What the task asks:
Everything in the listing should be copied exactly, save for the pictures.

Data below:
- Opening Delimiter -

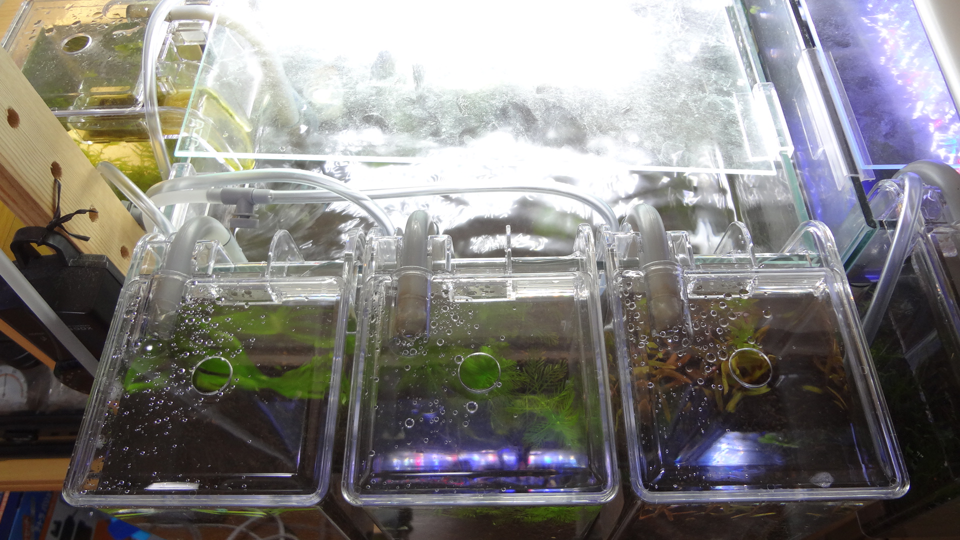 そうしましたら、水槽へ掛けるのですが、
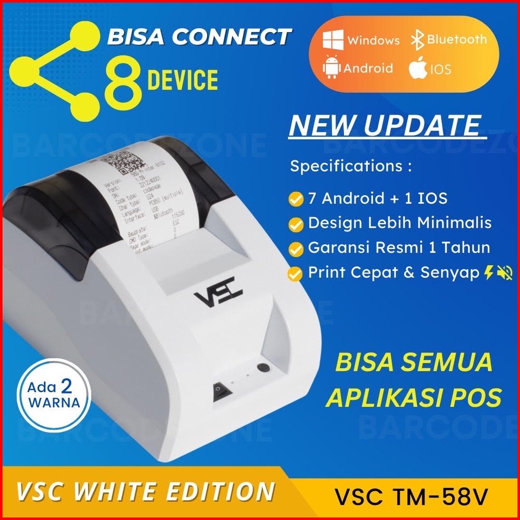 Printer Thermal 58mm Bluetooth Vsc Tm-58v Rpp02n Moka Android Ios -putih White
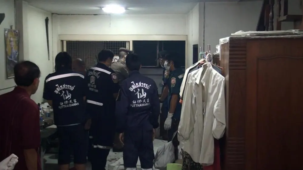 ที่เกิดเหตุพบบ้านเป็นลักษณะทาวน์เฮ้าส์ 2 ชั้น ปลูกติดกันหลายหลัง บริเวณประตูลูกกรงหน้าบ้าน และประตูมุ้งลวดภายในบ้าน ถูกล็อคจากด้านใน เจ้าหน้าที่ช่วยกันงัดประตู ภายในห้องครัวหลังบ้าน พบร่างผู้เสียชีวิต เป็นชาย 1 ราย สภาพศพนั่งพิงกับกำแพง สภาพสวมใส่เสื้อคอกลมสีน้ำตาล ใส่กางเกงในสีดำเพียงตัวเดียว ทราบชื่อ นายณัฏฐวุฒิ รัตนวราหะ อายุ 40 ปี
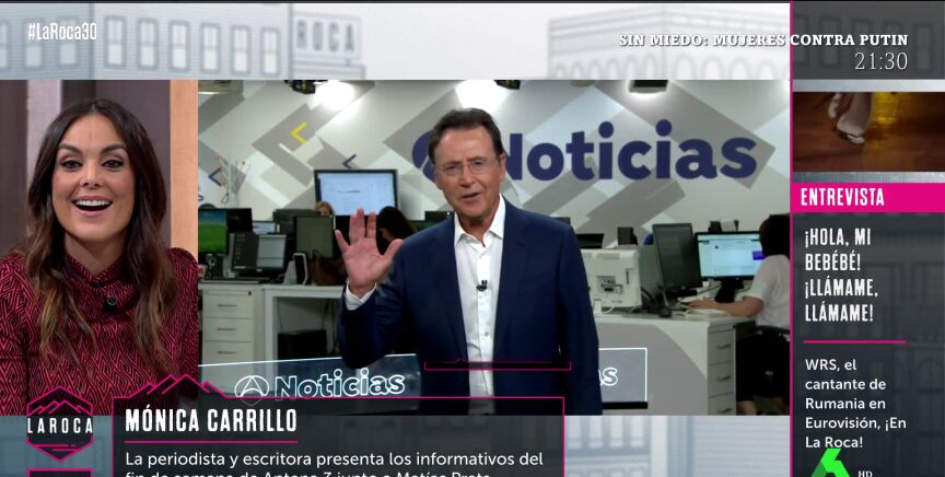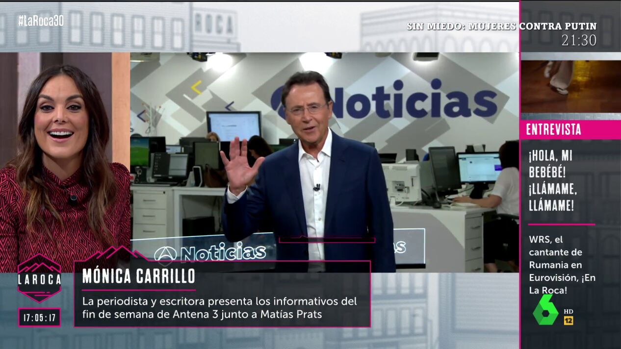 Berni Barrachina dado paso en La Roca a algunos de los chistes malos que Matías Prats ha dado en diferentes informativos, y ha pedido prestar especial atención a las caras de Mónica Carillo al escuchar a su compañero en Antena 3 Noticias. "Nos entendemos muy bien y el público nos ha aceptado muy bien", ha expresado la periodista tras ver las imágenes.

- Closing Delimiter -

Task answer:
 そうしましたら、水槽へ掛けるのですが、
 Printer Thermal 58mm Bluetooth Vsc Tm-58v Rpp02n Moka Android Ios -putih White
 ที่เกิดเหตุพบบ้านเป็นลักษณะทาวน์เฮ้าส์ 2 ชั้น ปลูกติดกันหลายหลัง บริเวณประตูลูกกรงหน้าบ้าน และประตูมุ้งลวดภายในบ้าน ถูกล็อคจากด้านใน เจ้าหน้าที่ช่วยกันงัดประตู ภายในห้องครัวหลังบ้าน พบร่างผู้เสียชีวิต เป็นชาย 1 ราย สภาพศพนั่งพิงกับกำแพง สภาพสวมใส่เสื้อคอกลมสีน้ำตาล ใส่กางเกงในสีดำเพียงตัวเดียว ทราบชื่อ นายณัฏฐวุฒิ รัตนวราหะ อายุ 40 ปี
 Berni Barrachina dado paso en La Roca a algunos de los chistes malos que Matías Prats ha dado en diferentes informativos, y ha pedido prestar especial atención a las caras de Mónica Carillo al escuchar a su compañero en Antena 3 Noticias. "Nos entendemos muy bien y el público nos ha aceptado muy bien", ha expresado la periodista tras ver las imágenes.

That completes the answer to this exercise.